Our results revealed that, in relation to QSG-7701 cells with Normal FA, there were no significant difference in DNA methylation level of CpG island in the promoter of LCN2 in QSG-7701 cells with No FA or QSG-7701 cells with High FA (Figure 4A). Moreover, the treatment of 5-Aza-2’-deoxycytidine (5-aza-dC, an important DNA methyltransferase inhibitor [20]) down-regulated the level of DNA methylation of CpG island in the promoter of LCN2 in QSG-7701 cells with No, Normal and High FA (Figure 4B). However, after 5-aza-dC treatment, the expression LCN2 in QSG-7701 cells with High FA was still lower than QSG-7701 cells with Normal or No FA, even if there were no significant difference in DNA methylation level of CpG island in the promoter of LCN2 in QSG-7701 cells with No, Normal and High FA (Figure 4B).

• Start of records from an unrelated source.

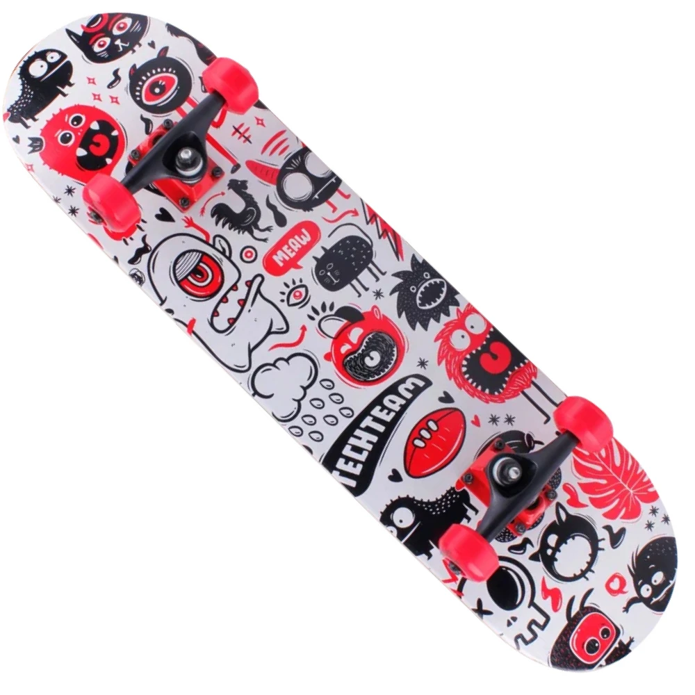 ДЕРЕВЯННЫЙ СКЕЙТБОРД TECH TEAM X-GAME Комикс – стильная модель по приемлемой стоимости стала настоящим подарком для детей и взрослых. При небольшой массе грузоподъёмность скейта составляет 85 кг. Эстетически привлекательная доска рассчитана для время провождения в черте города и парковой местности. Купить скейтборд выгодно и остаться довольными приобретением предлагает наш интернет-магазин.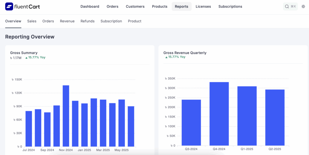 Data-driven decisions start here. FluentCart’s built-in analytics suite shows daily and total revenue, order volume, heatmaps of peak sales hours, and customer behavior insights. Track refunds, subscription performance, license usage, and UTM-tagged campaign success, all without needing external tools. The dashboard turns raw data into clear action steps.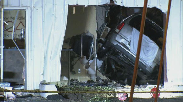 Officials say the driver lost control of her vehicle and crashed into the building; the impact of the crash resulted in a fire.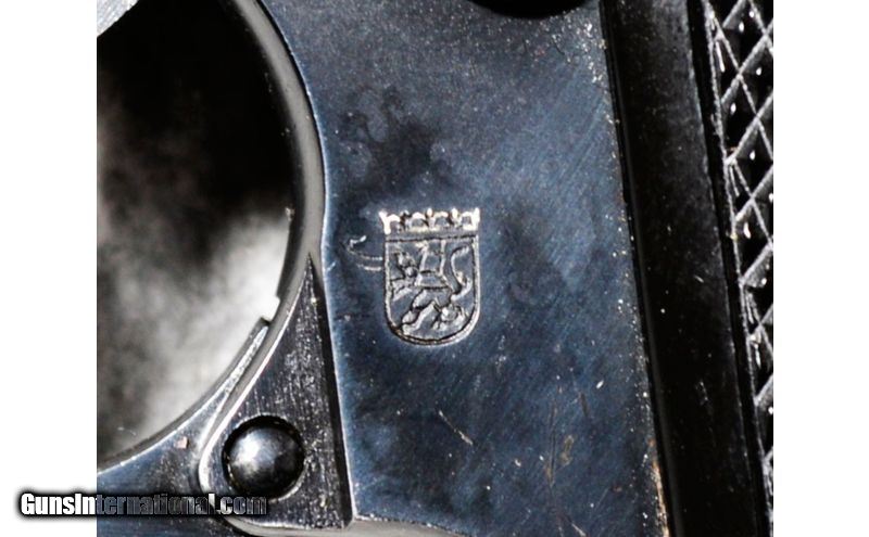 Description: A Polizei trade in pistol bearing the coat of arms of Berlin. 7.65mm SOLD Chambers: 7.65 Metal Condition: "Good-Very Good, Some holster wear and little else. Wood Condition: "Excellent, Clean and free of damage except for some scratches on the bottom. Bore Condition: "Very Good, Shiny with good rifling. Barrels: 3.5" Barrel Triggers: Factory DA/SA trigger. Butt Pad: Black plastic grips Weight: 1lb 9oz Sights: Fixed iron sights with a matted rib Item Location: Lacey, WA |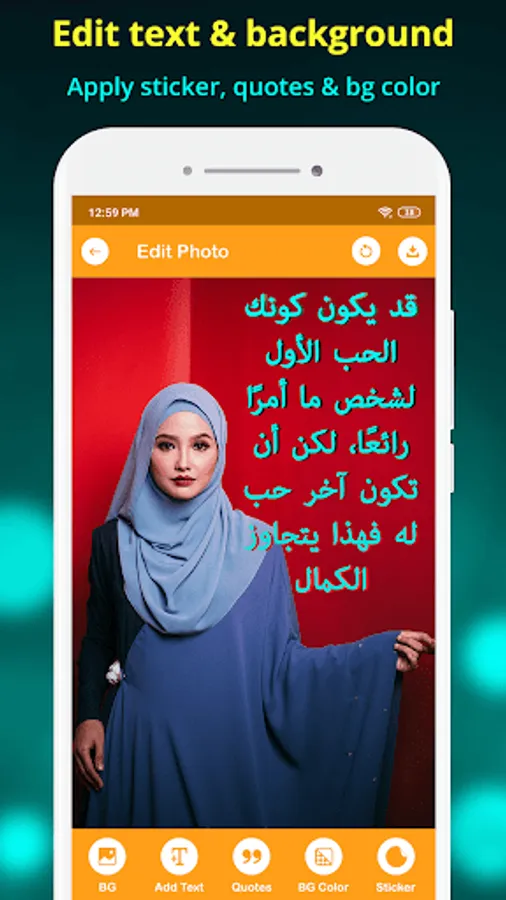 • Select HD Background and also select color for your choice and write Arabic text on photo.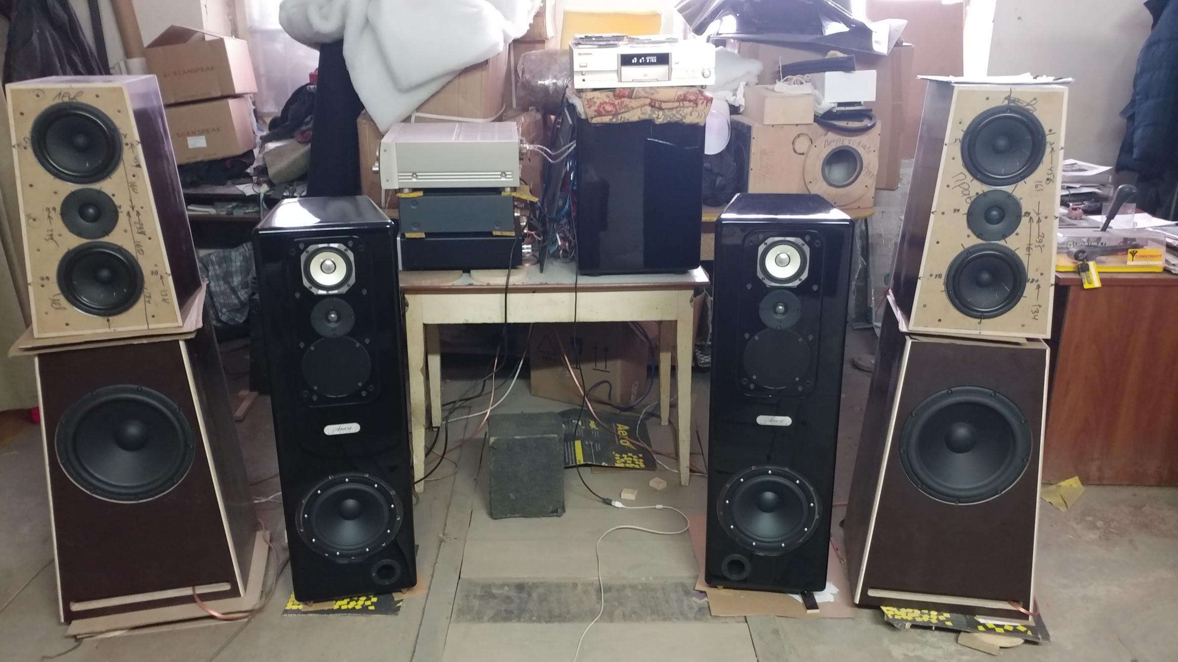 С прослушкой закончили, практически все замечания и восторги совпали с нашими ощущениями, это хорошо, теперь надо исправлять...Переходим к обсуждению завершения конструкции АС, отделки, схемотехники системы с заказчиком... Параллельно собрали нашу ДЕМО акустику с новыми головками, пока в черновом варианте, бегло прослушали: хорошее впечатление, как и ожидалось , ЗАМЕТНО лучше звучит, чем в старом варианте, но есть над чем работать....будем подстраивать и слушать... В спешке забыли размять басовики((( Невольно сравниваем со звучанием Пирамиды ( уссловно назвал АС клиента)))... Та звучит лучше! и по мощи, и по тоналке, и по сцене.... Может неудачно стоит наша ДЕМО?? |

The effect of FA on DNA methylation of CpG island in the promoter of LCN2.

Figure 4: The effect of FA on DNA methylation of CpG island in the promoter of LCN2. (A) The CpG island detected in our study locates in -238 ~ -19 upstream of transcriptional start site of LCN2 and includes 15 CpG sites. Bisulfite genomic sequencing assay revealed that there was no significant difference in DNA methylation rates among No FA, Normal FA and High FA (P>0.001). (B) After treatment of 5-aza-dC for 71 hours, bisulfite genomic sequencing assay revealed that the DNA methylation rates of LCN2 promoter in cells cultured with No FA, Normal FA and High FA were all reduced. However, there was also no significant difference in DNA methylation rates among No FA, Normal FA and High FA (P>0.001) and the mRNA & protein levels of LCN2 in Normal FA were also both lower than in No FA but higher than in High FA (*P<0.001).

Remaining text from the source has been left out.